Copy, word for word, the opening line of the data and each line after it until the line that contains "Заменяет экипировку большинства", which is included. Leave the pictures out.

==== SUPPLIED MATERIAL

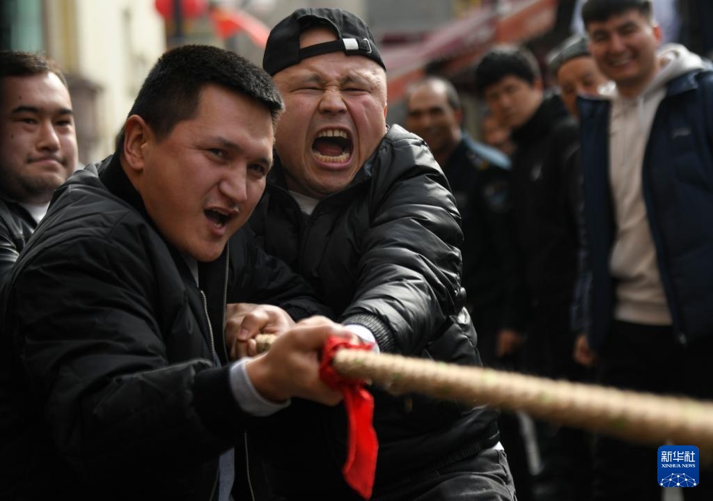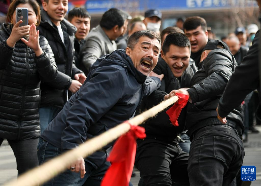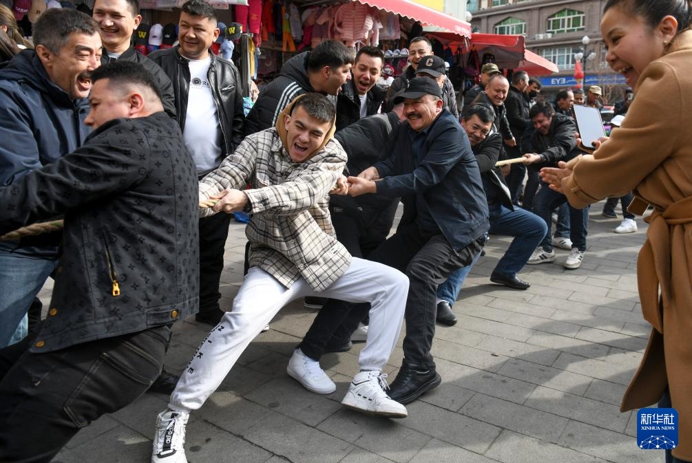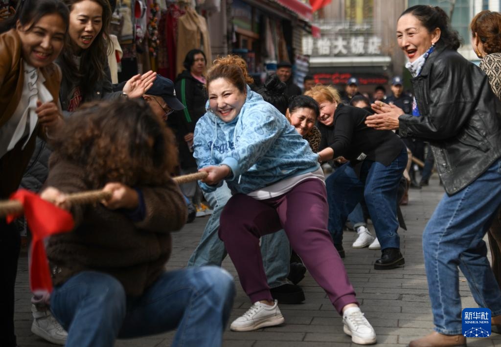 当日春分,乌鲁木齐市天山区二道桥街道二道桥社区联合辖区商城开展拔河比赛,倡导全民健身,享受春日暖阳。
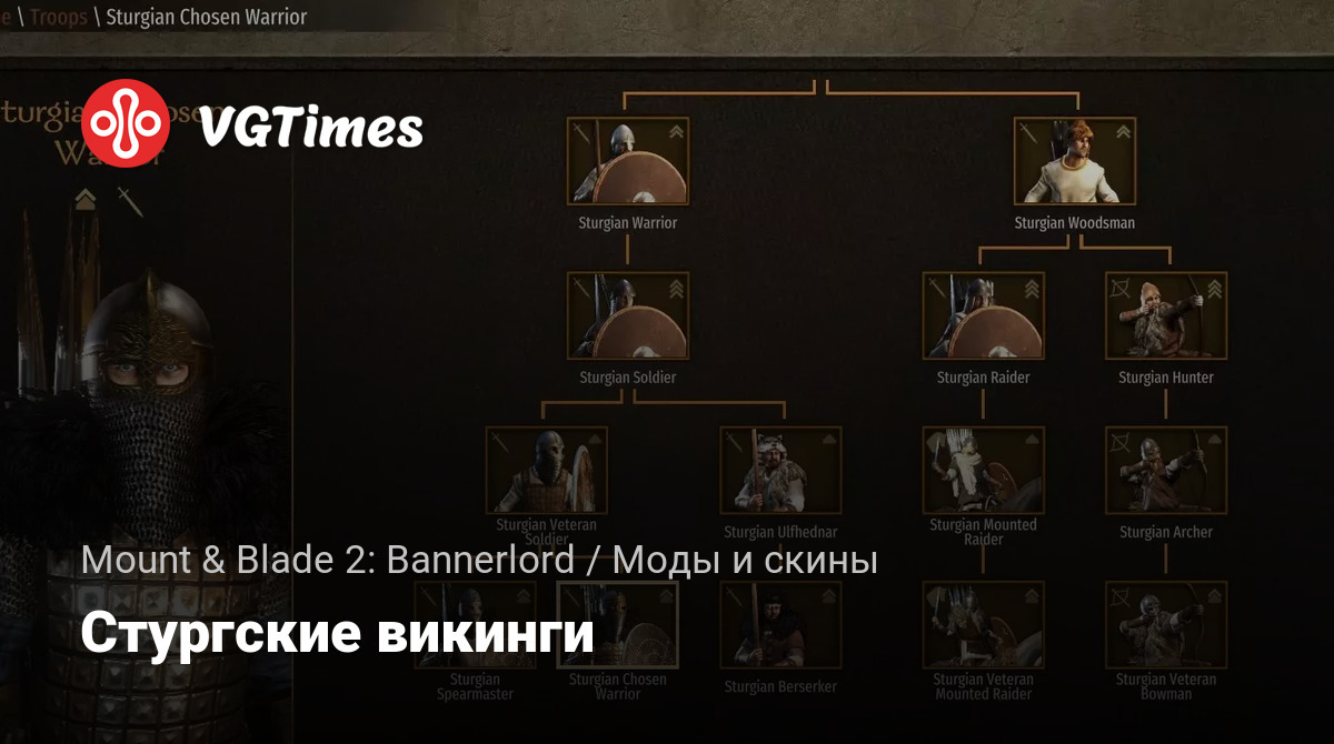 Заменяет экипировку большинства стургских войск, чтобы они выглядели как настоящие викинги. У каждого юнита будет 2-3 варианта доспехов и шлемов. Так же изменено некоторое оружие, но баланс сил не меняется.
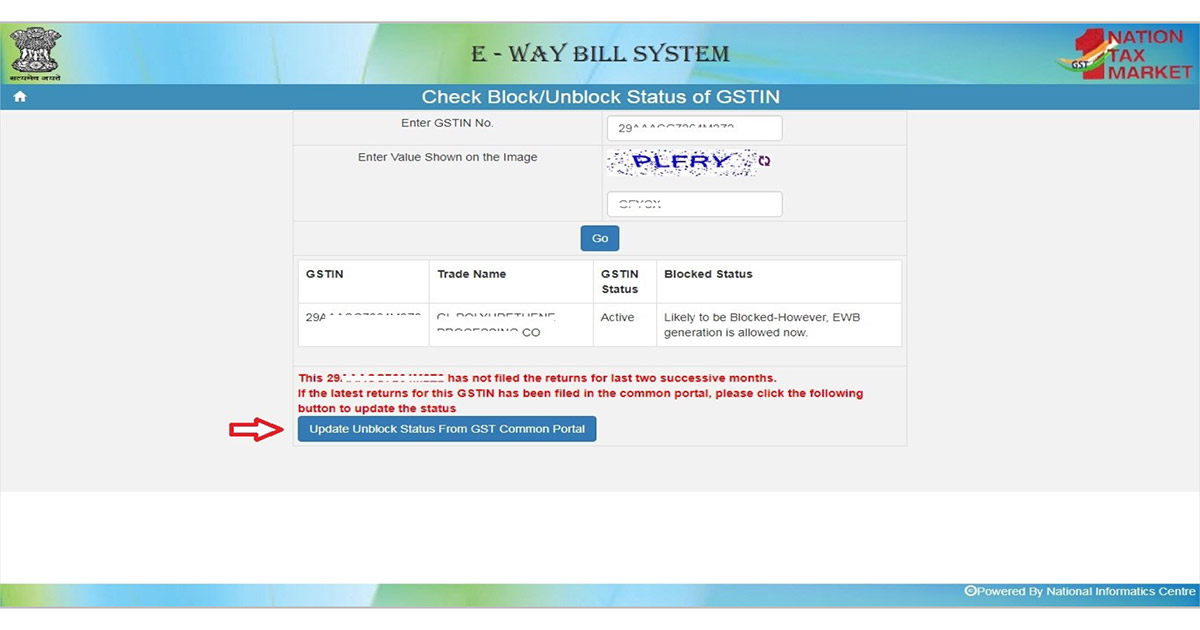 - Click ‘Update Unblock Status from GST Common Portal’ to refresh the status and enable e-way bill generation. If this process fails, taxpayers can seek assistance from the GST Help Desk.

========

**YOUR RESPONSE**.
 当日春分,乌鲁木齐市天山区二道桥街道二道桥社区联合辖区商城开展拔河比赛,倡导全民健身,享受春日暖阳。
 Заменяет экипировку большинства стургских войск, чтобы они выглядели как настоящие викинги. У каждого юнита будет 2-3 варианта доспехов и шлемов. Так же изменено некоторое оружие, но баланс сил не меняется.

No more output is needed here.